» **Data**

————————

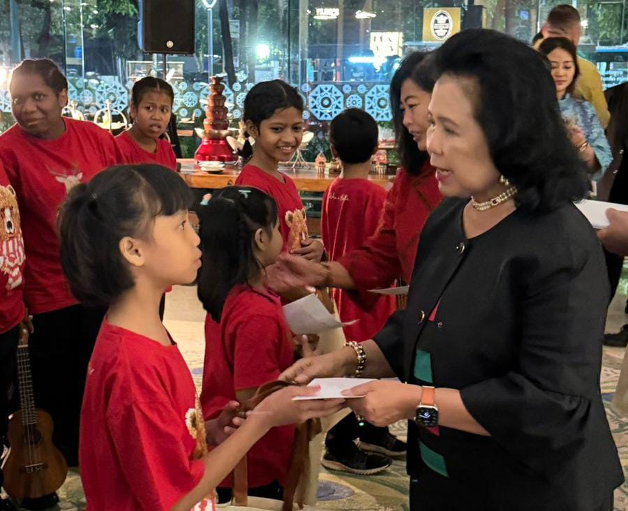 Prosesi penyalaan lampu pohon Natal berlangsung khidmat dan penuh keindahan, disempurnakan oleh penampilan anak-anak dari Panti Asuhan Pondok Taruna, Jakarta Timur, yang membawakan lagu-lagu Natal penuh sukacita.
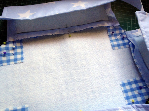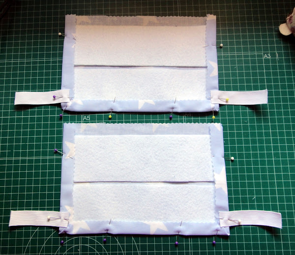 Para los laterales colocamos dos rectángulos de fieltro sobre el revés de cada tela, centrados pero un poco separados. Hacemos dobladillo, sujetando con alfileres, solo tres de los lados. El lado que irá unido al fondo lo dejaremos sin doblar. Planchamos.
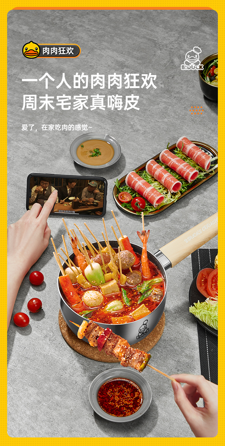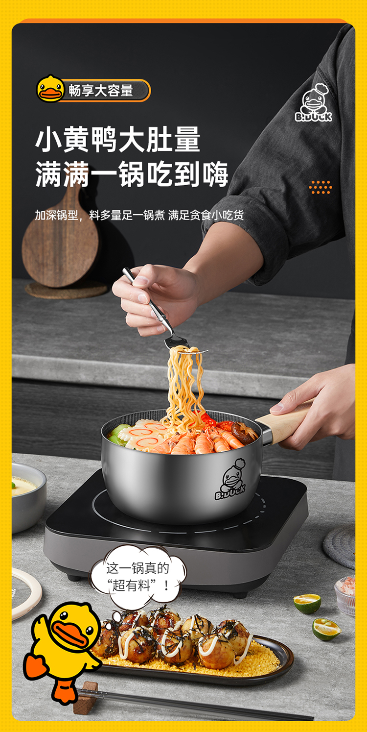 4、小黄鸭大肚量满满一锅吃到嗨,加深锅型,料多量足一锅煮 满足贪食小吃货
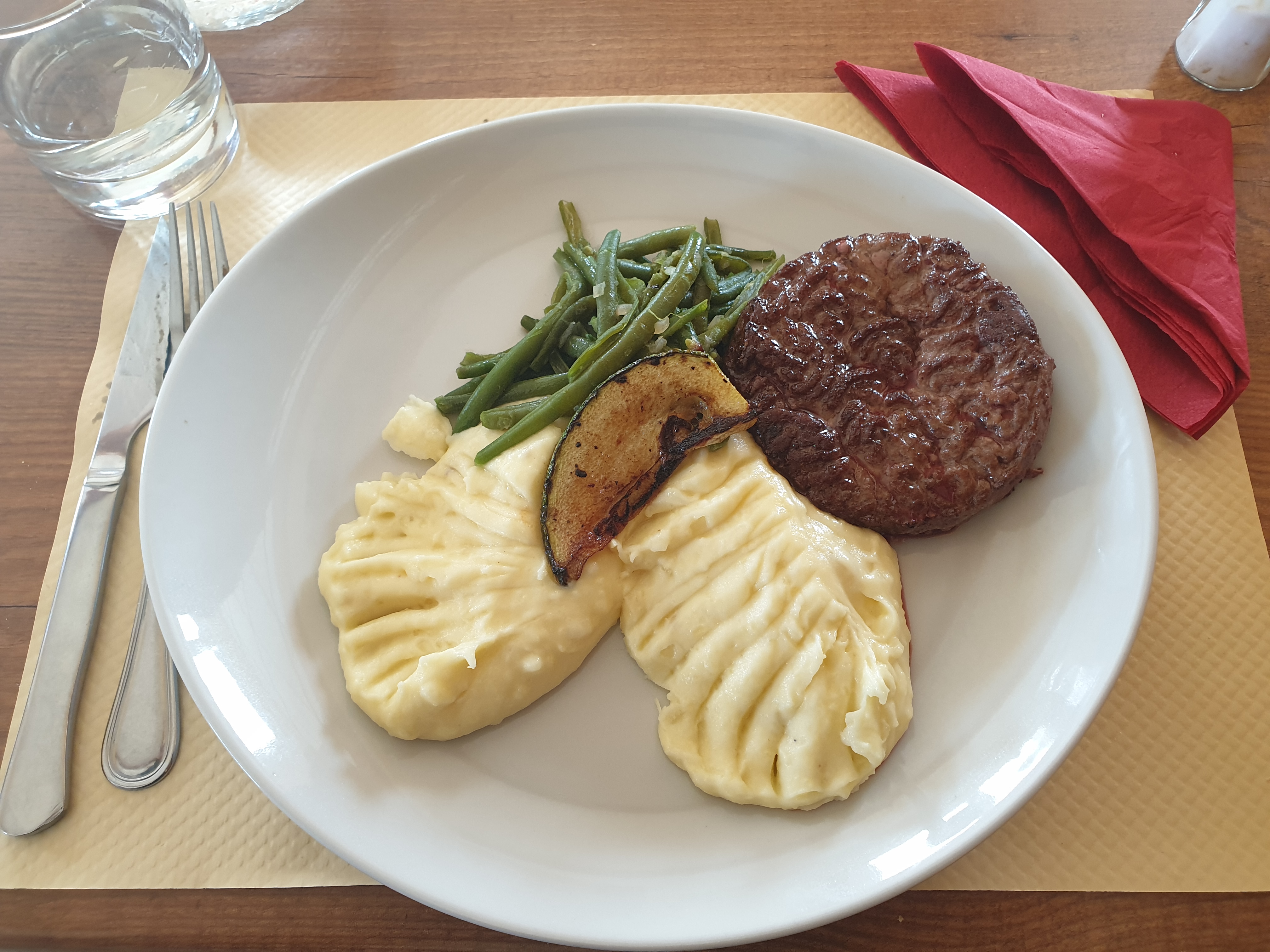 Petit restaurant dans un petit village. Menu du jour avec principalement des burgers. Un plat du jour pas cher chacun. Malheureusement, la nourriture était très grasse. Le restaurant et les toilettes pourraient être plus propres. Fonctionne si vous avez faim après une randonnée.

————————

» **Work request**
Print exactly what appears from the first line of the listing above down to the line containing "Para los laterales", inclusive, and leave out all pictures.

» **Completed task**
 Prosesi penyalaan lampu pohon Natal berlangsung khidmat dan penuh keindahan, disempurnakan oleh penampilan anak-anak dari Panti Asuhan Pondok Taruna, Jakarta Timur, yang membawakan lagu-lagu Natal penuh sukacita.
 Para los laterales colocamos dos rectángulos de fieltro sobre el revés de cada tela, centrados pero un poco separados. Hacemos dobladillo, sujetando con alfileres, solo tres de los lados. El lado que irá unido al fondo lo dejaremos sin doblar. Planchamos.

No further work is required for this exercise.